Although HAS was one of the first institutions in Haiti to introduce family planning, the program remained hospital- or dispensary-based until the recent AIDS epidemic (G Berggren et al, 1974). By contrast, door-to-door community-based distribution of contraceptives was an active part of the PISP project in the Petit Goave area as a part of its activities under Haiti's Division de Hygiene Familiale. The success of this approach was a harbinger of the community-based distribution projects introduced more widely in Haiti and elsewhere. The door-to-door activities of local volunteers (collaborateurs volontaires) who were part of the surveillance system enabled contraceptives to be made available at the community level. Over a three-year period, a crude birth rate of over 40/1 ,000/year came down to 37/1,000 with a concomitant high acceptance rate of condoms and pills.
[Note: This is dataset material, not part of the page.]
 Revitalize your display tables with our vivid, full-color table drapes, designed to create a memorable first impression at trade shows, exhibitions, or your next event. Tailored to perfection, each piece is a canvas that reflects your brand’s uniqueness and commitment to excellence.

Many women also expressed their interest in the possibility of an injectable contraceptive (Paisible and Berggren, 1984).

The SCF/Maissade project, serving a very conservative rural population, has seen less success with community-based distribution activities but has found an apparently increasing interest and use of progestational implants (Norplant).

Tuberculosis and AIDS

Longitudinal death reporting revealed that tuberculosis was among the 10 leading causes of death in the HAS census tract in 1968; HAS studies in the Artibonite Valley in 1969 included a tuberculosis survey of the total population living in 23 villages near Deschapelles (see Results). Community-based activities included home visits, distribution of medication, and follow-up for compliance. A study carried out by PVS showed 2.4% active tuberculosis in the Cange census tract, including pediatric cases (Farmer et al., 1991). The PVS project included free tuberculosis drugs with or without financial aid.
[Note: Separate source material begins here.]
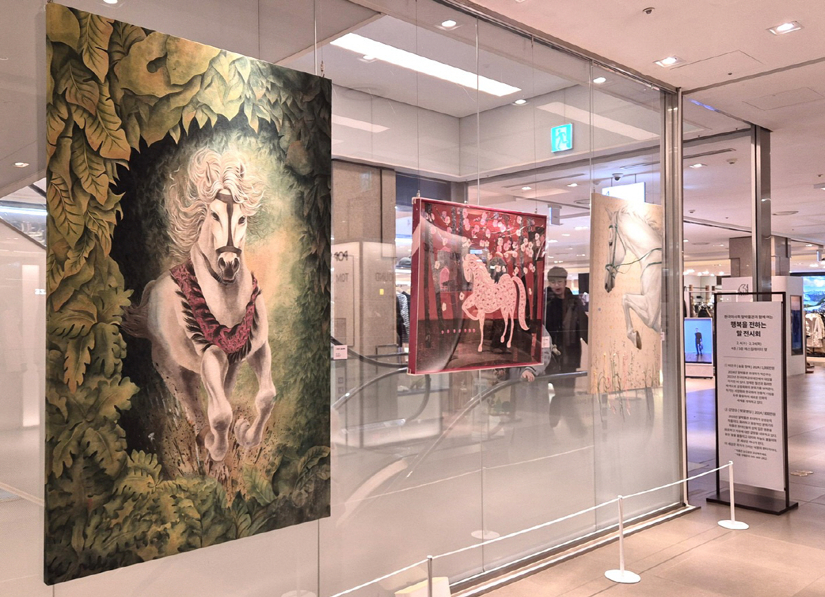 전시작은 말의 역동성과 함께 '행운' '도전' '성취' 등 다채로운 상징을 담아냈다. 박은주 「숲을 향해」 강양순 「벚꽃엔딩」 임영주 「Smiling portrait-스말」 제혜경 「무한경주」 연미진 「탈피」 김은주 「화려한 동행」 김현주 「영혼의 파동」 등이 전시 중이다.

Funding did not permit such a study by the PISP personnel in the Petit Goave area. However, tuberculosis emerged as a major cause of death in adults and therefore became a concern. All deaths were reported by cause using verbal autopsy methods. Those thought to be caused by tuberculosis were investigated by physicians who had access to the records of a tuberculosis treatment project in the area, funded in part by the International Child Care Foundation and Grace Children's Hospital for tuberculosis in Haiti.

Evolution of the Information System

All vital events were reported by RHVs, who discovered the vital event through home visits, "roll calls" of children under five or mothers at rally posts, or annual census updates. In the HAS studies, all deaths were investigated by physicians or their trained assistants; often an accompanying clinic or hospital record revealed the most likely cause of death. If not, physicians carried out informal verbal autopsies. At HAS they examined the cadaver, and in some cases convinced families to bring the body to the hospital morgue for autopsy in order better to determine the cause of death. Births were recorded by the RHVs, who contacted trained traditional birth attendants in each neighborhood.

The mobility of rural Haitian families posed a special problem, not only from the point of view of documenting vital rates, but also for follow-up purposes. Haitian conjugal unions are very unstable (Williams et al., 1975; Allman and May, 1979; ); their dissolution is often followed by in- or out-migration from a given census tract. The HAS definition of a resident was a person who resided at least six continuous months in the census tract, with intent to stay. The PISP project required that a resident be present four months or more with intent to stay before their vital event could be counted. Thus, vital events of visitors and transients were eliminated from the final analyses.